Op Amp

I understand pretty well how an op-amp operates at small signal.
You need to bias the op-amp in order to set the transistors at their constant current region, to achieve max output voltage swing, and to eliminate DC voltage/current at output.

Once these are set, you can calculate the small-signal gain of the amplifier.

However, how do you know what is the large-signal gain of the amplifier?

Moreover, how can you tell the DC input and output resistances of the amplifier?

The only thing you need to do is ensure that there is a path for dc current that can be sourced or sinked by the opamp input.
Rin depends on the specific circuit.
And Rout is very low thanks to negative feedback
Rout=Rout_open_loop/(1+Aol*K)
Where
Aol is a open-loop gain of a opamp (see datasheet)
K - feedback factor ( feedback gain ), sometime we use letter "β" for feedback gain.
http://forum.allaboutcircuits.com/showthread.php?t=24971&highlight=loop

And for example this circuit


Rin≈R5; Au=Vout/Vin=1+(R2/R1); F_cut-off=GBW/Au
GBW - Gain bandwidth product (in the datasheet )
And low corner frequency depends on C1 and R5, C3 and R1, C4 and Rload.
And ideal opamp has
Rin=∞; Rout=0; Aol=∞;

alphacat said:

Once these are set, you can calculate the small-signal gain of the amplifier.
However, how do you know what is the large-signal gain of the amplifier?

Click to expand...

What is the difference between small-signal gain and large-signal gain.
In opamp large-signal gain is Aol
http://forum.allaboutcircuits.com/showpost.php?p=173559&postcount=9

Thank you very much Jony.

Rin depends on the specific circuit.

Click to expand...

Well, the small-signal input resistance of a BJT-based Op-amp is 2*rπ.
How do you calculate the large-signal input resistance?

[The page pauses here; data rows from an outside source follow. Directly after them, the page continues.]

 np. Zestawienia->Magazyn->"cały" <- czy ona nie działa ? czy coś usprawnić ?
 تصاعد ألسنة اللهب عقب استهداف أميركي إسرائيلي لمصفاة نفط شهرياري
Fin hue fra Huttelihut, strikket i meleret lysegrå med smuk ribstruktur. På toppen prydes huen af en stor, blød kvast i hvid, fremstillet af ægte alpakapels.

And Rout is very low thanks to negative feedback
Rout=Rout_open_loop/(1+Aol*K)

Click to expand...

How do you reach the large-signal Rout_open_loop?
I know how to calculate the small-signal Rout_open_loop but not the large-signal one?

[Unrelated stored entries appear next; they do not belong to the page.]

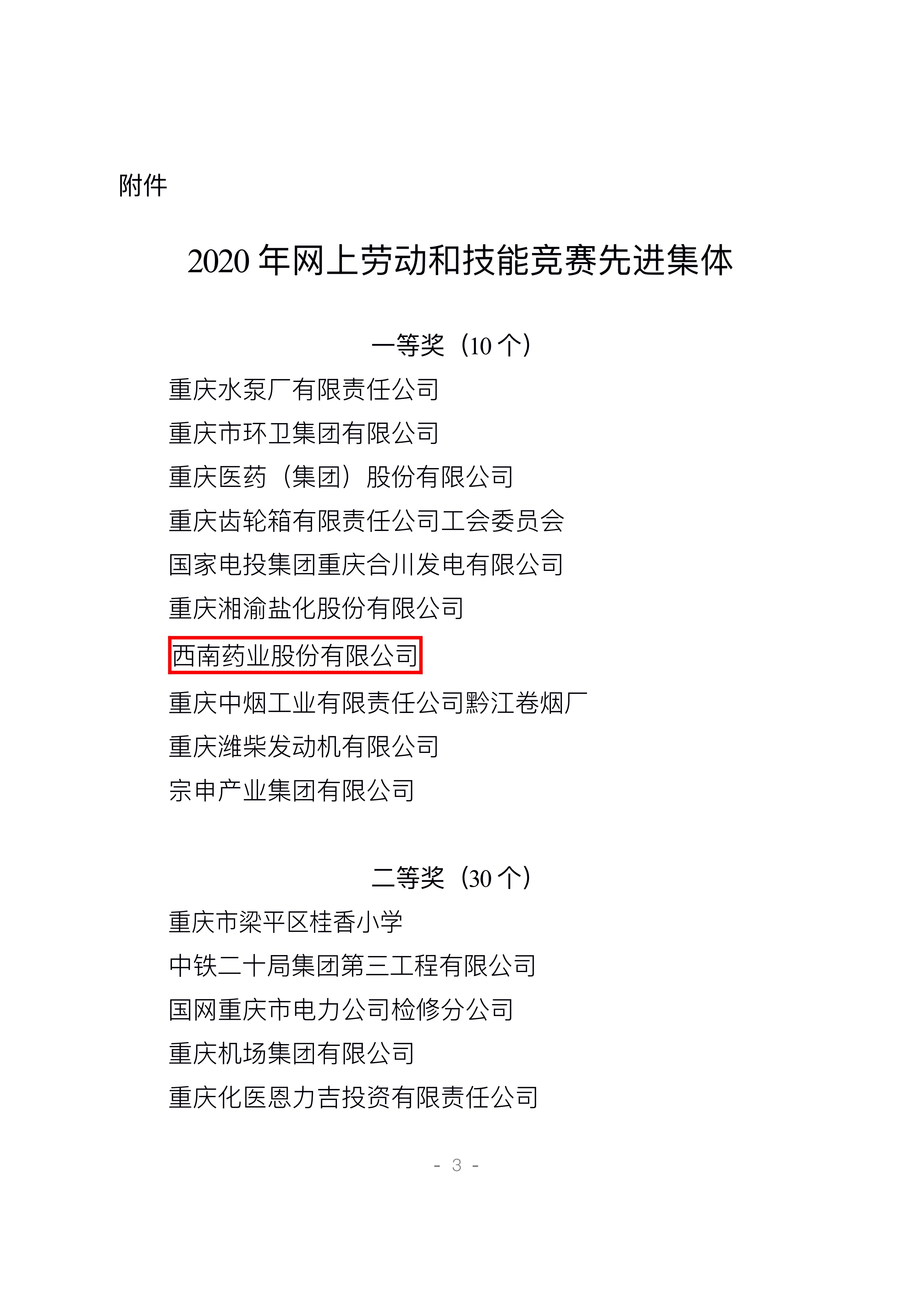 喜 报!西南药业荣获重庆市网上劳动和技能竞赛先进集体一等奖
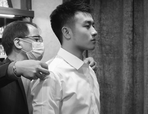 Less More精品店的資深量體師為您量體及試衣,定制更合身合體
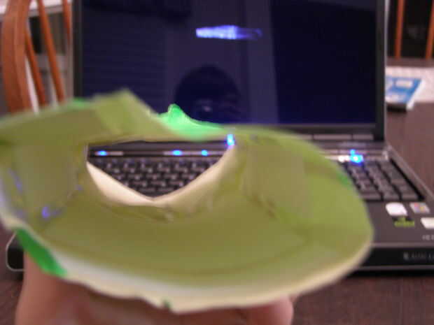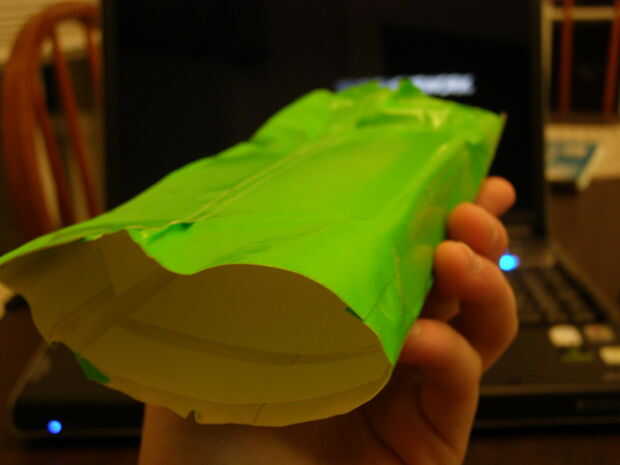 Ahora, doblar la pieza del lado externo sobre manera que toque la placa adyacente. Esto hará que la parte interior donde se guardarán las tarjetas. Presione hacia abajo la cinta las dos piezas de conexión para asegurarse de que usted tiene un buen sello.

What is the difference between small-signal gain and large-signal gain.
In opamp large-signal gain is Aol

Click to expand...

You are right, they are the same, my mistake.
Do you calculate the large-signal gain by calculating first the small signal gain and placing ω=0?

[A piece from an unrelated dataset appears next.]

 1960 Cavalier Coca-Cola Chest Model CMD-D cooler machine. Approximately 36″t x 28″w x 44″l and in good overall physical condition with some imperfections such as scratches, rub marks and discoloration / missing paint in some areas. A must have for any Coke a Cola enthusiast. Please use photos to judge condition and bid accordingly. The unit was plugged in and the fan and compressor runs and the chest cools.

When we design circuit with opamp we usually treat them as ideal opamp. And if we want to know Rin or Aol , Rout wee look to the datasheet, we don't need to do any calculations .
For example for old op amp LM741

http://pdf.elenota.pl/pdf/Fairchild/lm741.pdf
Rin=250KΩ (Figure 2.Input Resistance and Input
Capacitance vs Frequency)
Rout_open_loop=100Ω (Figure 1. Output Resistance vs Frequency)
And Aol=15000[V/V] ω=0
http://www.national.com/an/AN/AN-A.pdf
http://users.ece.gatech.edu/~mleach/ece4435/chap02.pdf

And can you tell me the difference between small-signal vs large-signal resistance ?
For me there is no such thing as large-signal resistance.

Thank you very much Jony!
I got it now.
My problem was that i didnt know there was no difference between Rin, Rout, Aol in small signal (for low frequencies) and in large-signal.

Theoretically, in large signal analysis, I can draw a 2*rπ resistor between the op-amp's input pins, in order to calculate DC voltage across the circuit?

alphacat said:

Theoretically, in large signal analysis, I can draw a 2*rπ resistor between the op-amp's input pins, in order to calculate DC voltage across the circuit?

Click to expand...

Well, yes but we never do this. We treat op-amp as black box and assume that:
Rin=∞, so input current is 0A. (No current is flow to the op-amp inputs)
Rout=0Ω
And the open loop gain is infinite large.
And with this assumptions we get that in linear region non-inventive input voltage "V+" is equal inverting input voltages "V-" and we call it "virtual short". And that is why is this diagrams V+=V-




http://focus.ti.com/lit/an/slod006b/slod006b.pdf

Got it!

Thank you very much!

You taught me very important things.